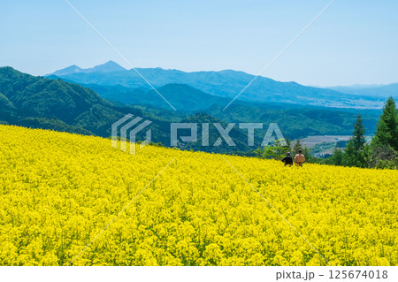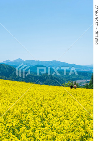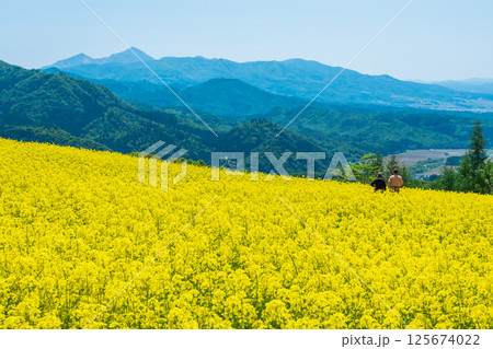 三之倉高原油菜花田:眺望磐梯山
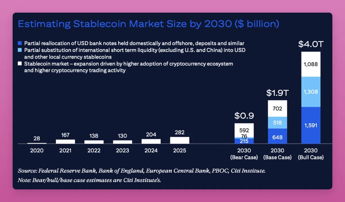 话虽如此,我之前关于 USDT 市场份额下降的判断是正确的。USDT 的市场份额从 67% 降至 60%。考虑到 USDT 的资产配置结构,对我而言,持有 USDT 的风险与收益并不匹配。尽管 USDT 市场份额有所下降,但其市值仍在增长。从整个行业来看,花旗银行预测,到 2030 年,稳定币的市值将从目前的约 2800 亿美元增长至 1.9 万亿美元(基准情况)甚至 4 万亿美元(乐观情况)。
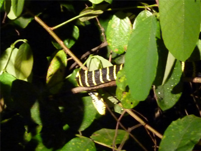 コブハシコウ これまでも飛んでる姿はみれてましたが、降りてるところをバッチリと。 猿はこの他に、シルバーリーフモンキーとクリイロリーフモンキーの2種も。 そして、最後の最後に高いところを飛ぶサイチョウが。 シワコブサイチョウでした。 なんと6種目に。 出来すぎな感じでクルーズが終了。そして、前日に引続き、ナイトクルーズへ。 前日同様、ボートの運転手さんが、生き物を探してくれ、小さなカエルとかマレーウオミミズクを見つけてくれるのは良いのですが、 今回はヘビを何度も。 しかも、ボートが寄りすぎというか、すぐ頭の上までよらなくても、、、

========

EXERCISE REQUIREMENTS >> Only the lines from the line with "话虽如此,我之前关于 USDT 市场份额下降的判断是正确的。USDT" to the bottom of the material above should be reproduced, exactly and without pictures.

RESPONSE FOR THIS EXERCISE >>
 话虽如此,我之前关于 USDT 市场份额下降的判断是正确的。USDT 的市场份额从 67% 降至 60%。考虑到 USDT 的资产配置结构,对我而言,持有 USDT 的风险与收益并不匹配。尽管 USDT 市场份额有所下降,但其市值仍在增长。从整个行业来看,花旗银行预测,到 2030 年,稳定币的市值将从目前的约 2800 亿美元增长至 1.9 万亿美元(基准情况)甚至 4 万亿美元(乐观情况)。
 コブハシコウ これまでも飛んでる姿はみれてましたが、降りてるところをバッチリと。 猿はこの他に、シルバーリーフモンキーとクリイロリーフモンキーの2種も。 そして、最後の最後に高いところを飛ぶサイチョウが。 シワコブサイチョウでした。 なんと6種目に。 出来すぎな感じでクルーズが終了。そして、前日に引続き、ナイトクルーズへ。 前日同様、ボートの運転手さんが、生き物を探してくれ、小さなカエルとかマレーウオミミズクを見つけてくれるのは良いのですが、 今回はヘビを何度も。 しかも、ボートが寄りすぎというか、すぐ頭の上までよらなくても、、、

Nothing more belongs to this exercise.